■ **Problem**: Your answer must be the lines from the top of the listing below through the line that holds "1734, Montreal |", retyped exactly, with no pictures.

(Information supplied Opens)

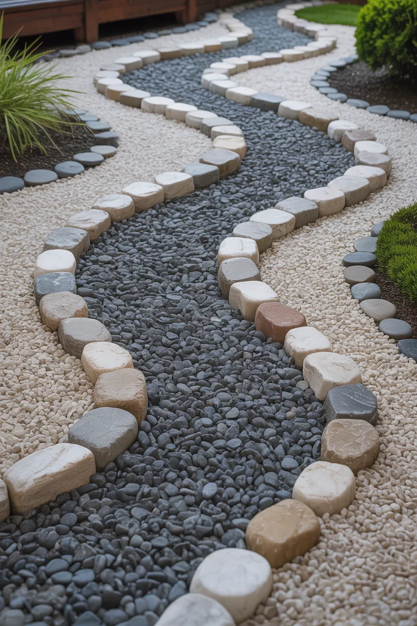 Use curved bands of gravel or small stones to represent the stream, then edge it with larger rocks to define the shape. You can make it narrow and subtle or let it wind more dramatically through the space depending on the size of your yard.
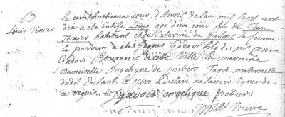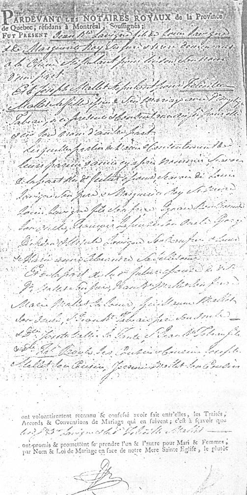 ![]() Marriage of Louis Tessier & Louise Pepin dit Laforce Sept. 27, 1734, Montreal |
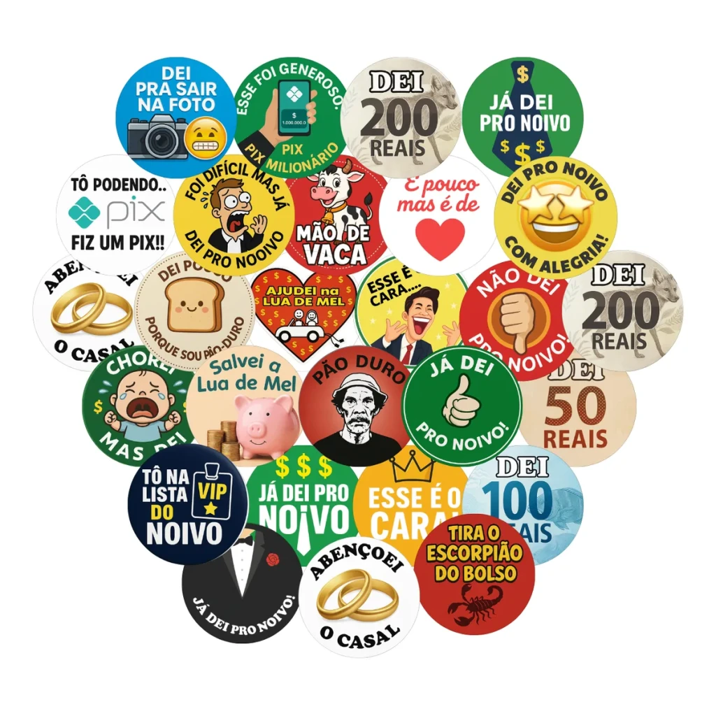 Este kit contém 100 adesivos confeccionados em vinil adesivo de alta durabilidade, projetados para trazer um toque de humor e interatividade aos seus eventos. Cada adesivo possui impressão digital em alta resolução, o que assegura cores vibrantes e excelente qualidade.
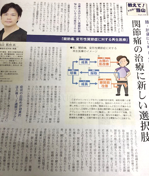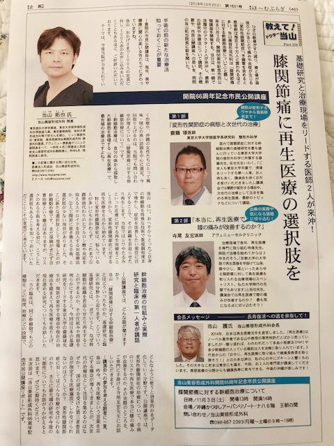 7月26日タイムス住宅新聞社の取材を当院の院長が受け報告しております。これによってこれ迄ヒアルロン酸の関節注入の他にもうひとつ画期的な治療が沖縄でも出来るようになったと云う事です。

(Information supplied Closes)

■ **Reply to the task**:
 Use curved bands of gravel or small stones to represent the stream, then edge it with larger rocks to define the shape. You can make it narrow and subtle or let it wind more dramatically through the space depending on the size of your yard.
 ![]() Marriage of Louis Tessier & Louise Pepin dit Laforce Sept. 27, 1734, Montreal |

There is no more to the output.